» **Material supplied**:
==============================

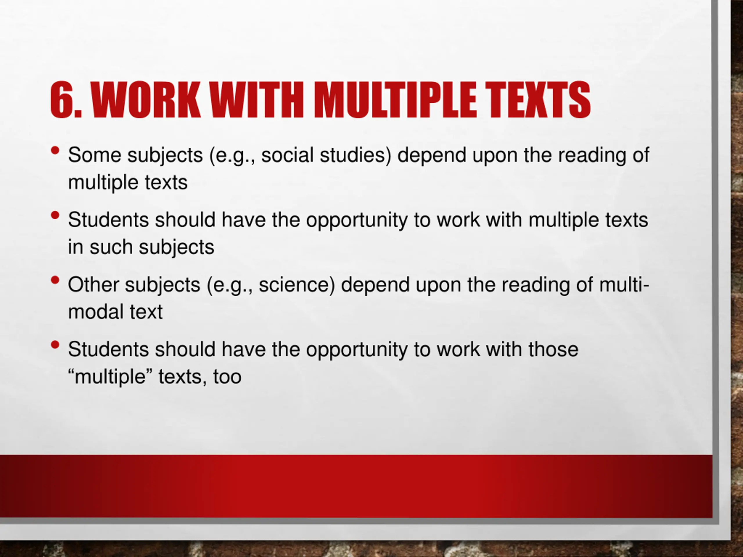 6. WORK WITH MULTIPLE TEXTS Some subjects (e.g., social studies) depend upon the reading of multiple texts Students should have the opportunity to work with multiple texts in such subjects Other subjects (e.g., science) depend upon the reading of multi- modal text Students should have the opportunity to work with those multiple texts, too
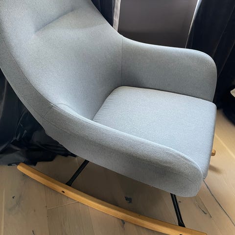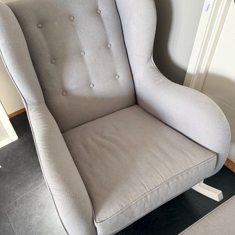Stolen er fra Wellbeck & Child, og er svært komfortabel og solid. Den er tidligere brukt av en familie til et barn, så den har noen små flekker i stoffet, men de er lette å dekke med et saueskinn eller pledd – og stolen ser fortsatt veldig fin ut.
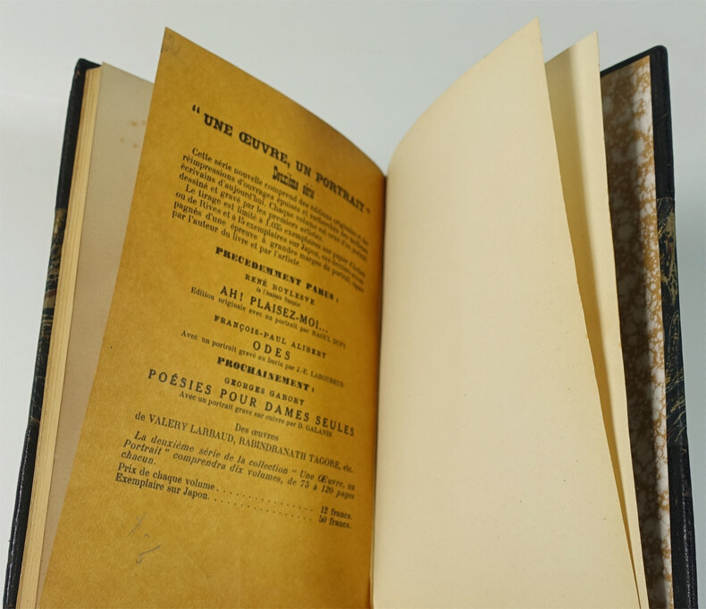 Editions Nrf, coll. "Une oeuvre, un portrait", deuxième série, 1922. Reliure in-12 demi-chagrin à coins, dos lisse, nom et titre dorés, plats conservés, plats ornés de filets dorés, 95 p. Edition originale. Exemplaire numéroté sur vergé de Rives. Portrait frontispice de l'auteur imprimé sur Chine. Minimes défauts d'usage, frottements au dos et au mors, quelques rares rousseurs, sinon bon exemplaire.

==============================

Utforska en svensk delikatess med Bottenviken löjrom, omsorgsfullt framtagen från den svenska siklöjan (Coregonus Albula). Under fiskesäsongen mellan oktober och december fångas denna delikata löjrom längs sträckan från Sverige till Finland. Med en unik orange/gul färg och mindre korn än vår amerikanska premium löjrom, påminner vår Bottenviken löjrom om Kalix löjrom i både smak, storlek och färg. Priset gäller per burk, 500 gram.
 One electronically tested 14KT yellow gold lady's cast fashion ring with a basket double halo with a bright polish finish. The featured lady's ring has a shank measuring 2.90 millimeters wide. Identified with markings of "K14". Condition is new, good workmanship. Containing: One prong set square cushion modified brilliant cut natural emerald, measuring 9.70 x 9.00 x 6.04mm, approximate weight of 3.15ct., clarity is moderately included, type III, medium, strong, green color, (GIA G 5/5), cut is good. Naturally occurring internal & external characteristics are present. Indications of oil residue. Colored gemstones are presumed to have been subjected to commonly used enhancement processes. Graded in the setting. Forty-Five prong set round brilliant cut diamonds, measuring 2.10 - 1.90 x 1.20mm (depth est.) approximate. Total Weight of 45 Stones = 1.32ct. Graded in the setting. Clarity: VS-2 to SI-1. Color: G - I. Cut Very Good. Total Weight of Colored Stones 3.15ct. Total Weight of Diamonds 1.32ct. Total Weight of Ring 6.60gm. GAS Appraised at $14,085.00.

==============================

» **What to work on**: Of the lines above, quote exactly those from the one with "6. WORK WITH" through the one with "Editions Nrf, coll.", ends included; pictures stay out.

» **Response to this task**:
 6. WORK WITH MULTIPLE TEXTS Some subjects (e.g., social studies) depend upon the reading of multiple texts Students should have the opportunity to work with multiple texts in such subjects Other subjects (e.g., science) depend upon the reading of multi- modal text Students should have the opportunity to work with those multiple texts, too
Stolen er fra Wellbeck & Child, og er svært komfortabel og solid. Den er tidligere brukt av en familie til et barn, så den har noen små flekker i stoffet, men de er lette å dekke med et saueskinn eller pledd – og stolen ser fortsatt veldig fin ut.
 Editions Nrf, coll. "Une oeuvre, un portrait", deuxième série, 1922. Reliure in-12 demi-chagrin à coins, dos lisse, nom et titre dorés, plats conservés, plats ornés de filets dorés, 95 p. Edition originale. Exemplaire numéroté sur vergé de Rives. Portrait frontispice de l'auteur imprimé sur Chine. Minimes défauts d'usage, frottements au dos et au mors, quelques rares rousseurs, sinon bon exemplaire.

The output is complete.